Thank you @Aklapper ! I did not realize it was possible to create private image files here. I believe I have now updated the image to allow all to view. Please let me know if you still have problems (and I will watch out for this in the future).

@Peteforsyth: Thanks, I can see it now :)
And yes, image file permissions are a bit complicated, see https://www.mediawiki.org/wiki/Phabricator/Help#Uploading_file_attachments

Ankry added a subscriber: Ankry.Jul 4 2019, 8:16 PM

@Peteforsyth, I quite often encounter this problem while uploading a new version of a multi-page file with thousands of thumbnails (generally files with >500 pages). See eg T206190 or T214759 .
I know 3 workarounds to deal with this problem in Wikisource (when this already happen):

  1. change scan with in index after upload a new version (if they are 1px wider/narrower new thumbnails must be generated
  2. use js to replace thumbnails for specific pages with thumbnails with other names; see example in pl.ws MadiaWiki:Commons.js :

https://pl.wikisource.org/w/index.php?title=MediaWiki:Common.js&diff=prev&oldid=2188790
(useful for few already existing pages)

  1. upload the file locally

From my experience, the outdated thumbnails seem to disapear after few weeks to half a year.

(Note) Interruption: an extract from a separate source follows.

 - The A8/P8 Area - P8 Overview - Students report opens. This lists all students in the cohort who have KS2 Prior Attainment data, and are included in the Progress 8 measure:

To avoid this problem, I often try to purge the file (few times if it fails) prior to upload a new version. If the purge fails you may be almost 100% sure to encounter the problem.

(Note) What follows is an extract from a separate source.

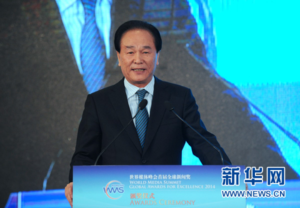 1月27日,世界媒体峰会首届全球新闻奖在北京举行颁奖仪式。图为新华社社长蔡名照致辞。 新华网 陈竞超 摄

Gilles added a subscriber: Gilles.

This seems to be an issue with the thumbnail purge. Possibly due to the large amount of thumbnails associated with a file that has hundreds of pages. Thumbor, when requested with new sizes (i.e. when the old cached versions aren't served), renders the expected pages.

I tried purging the file right now with action=purge and get a "maintenance" error, further suggesting a purge problem.